American ice hockey player

Eric Nickulas (born March 25, 1975) is an American former professional ice hockey right winger. He played in the National Hockey League for the Boston Bruins, St. Louis Blues, and Chicago Blackhawks between 1999 and 2006.

==Biography==
Nickulas was born in Hyannis, Massachusetts. As a youth, he played in the 1989 Quebec International Pee-Wee Hockey Tournament with the New York Islanders minor ice hockey team.

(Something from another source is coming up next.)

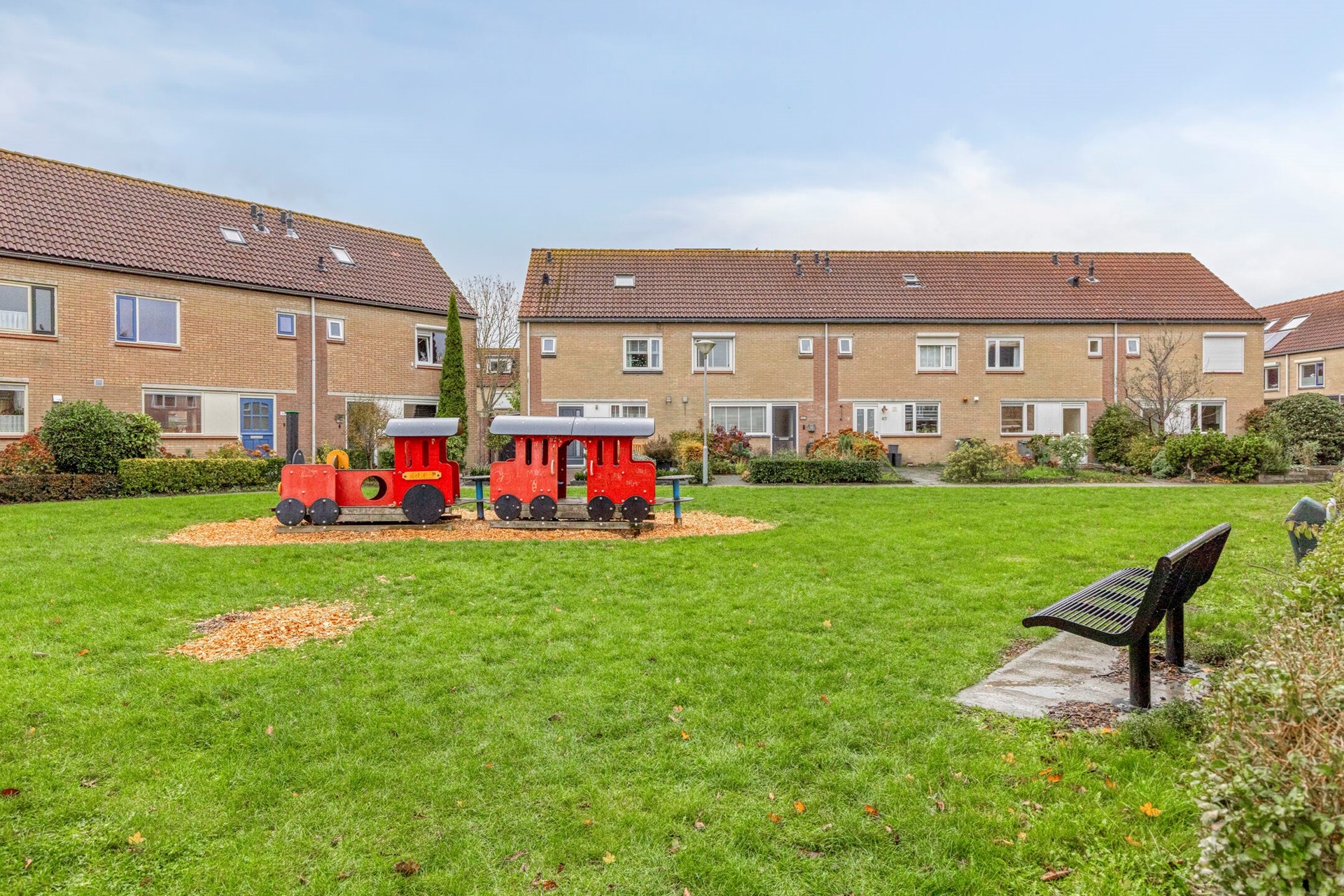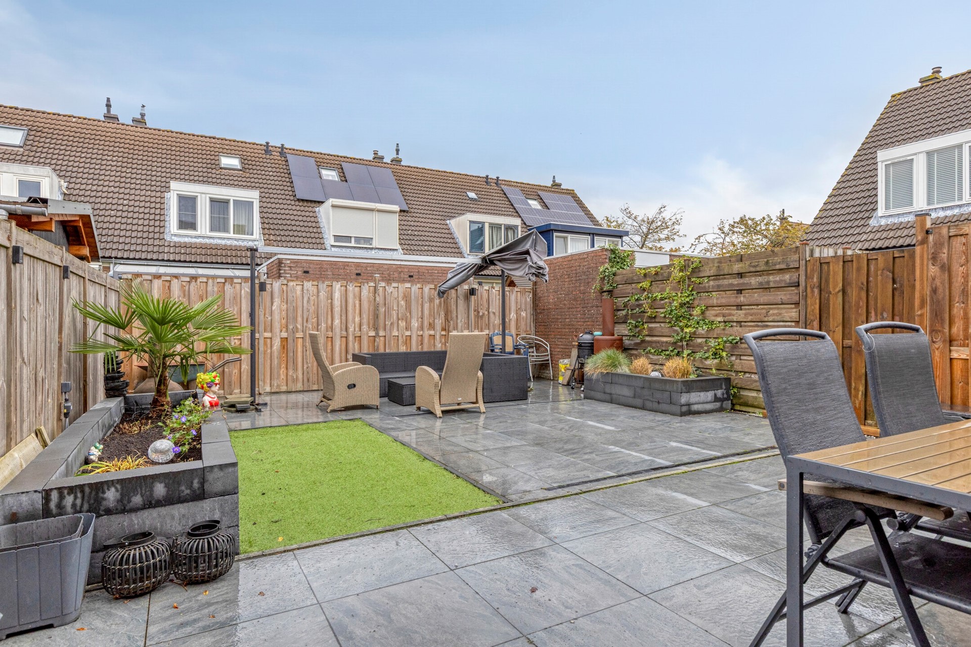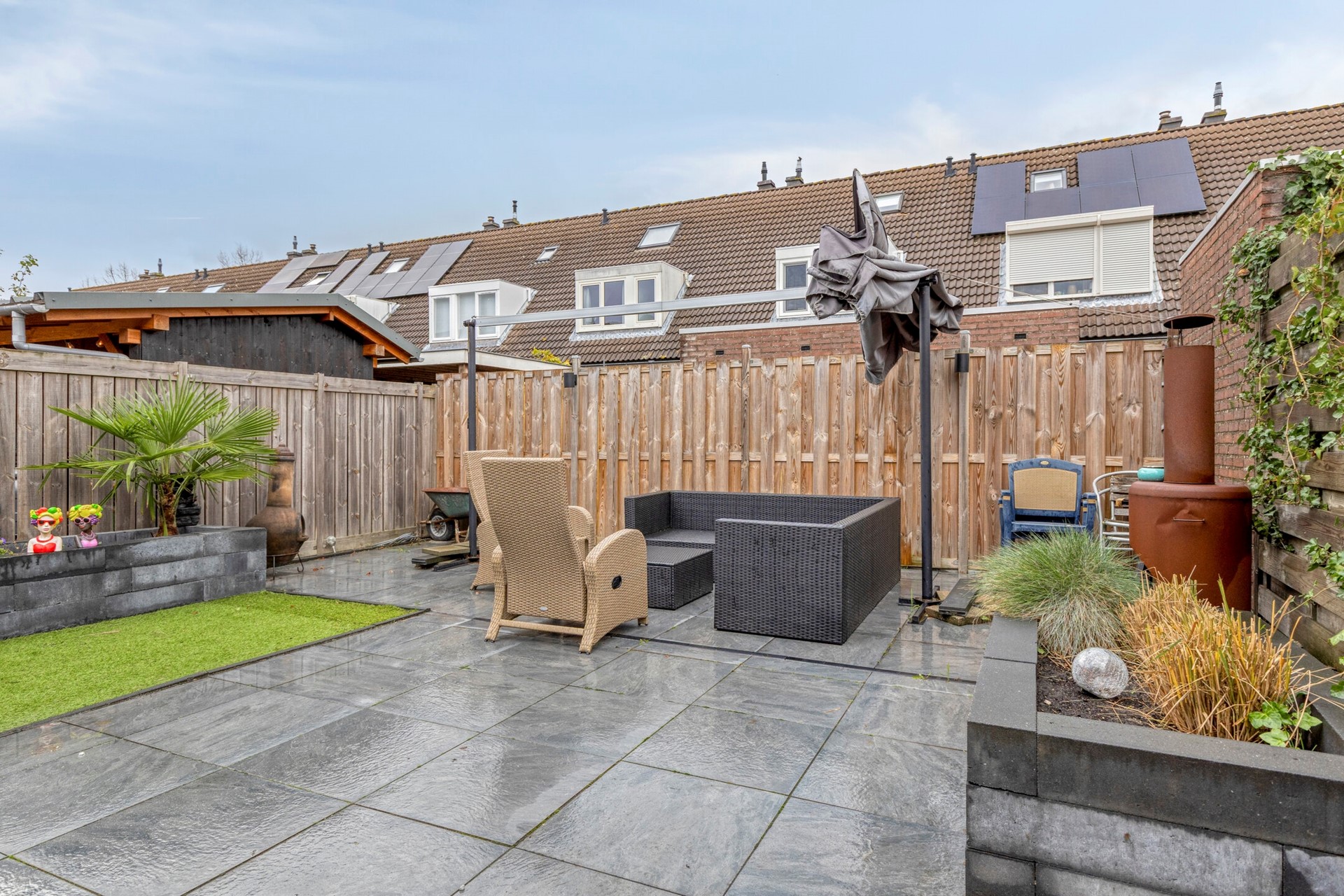 De achtertuin is netjes aangelegd met o.a. een groot terras. Aan de voorzijde is er voldoende parkeergelegenheid, zowel op eigen terrein (1 auto) als in de verschillende parkeerhofjes. Tevens is er een stenen berging voor de woning.

Nickulas was drafted 99th overall by the Boston Bruins in the 1994 NHL entry draft. In three years with Boston, he played mostly for the Providence Bruins of the American Hockey League.

Nickulas scored his first NHL Goal on March 2, 2000, in Boston's 5-2 home loss Versus Montreal.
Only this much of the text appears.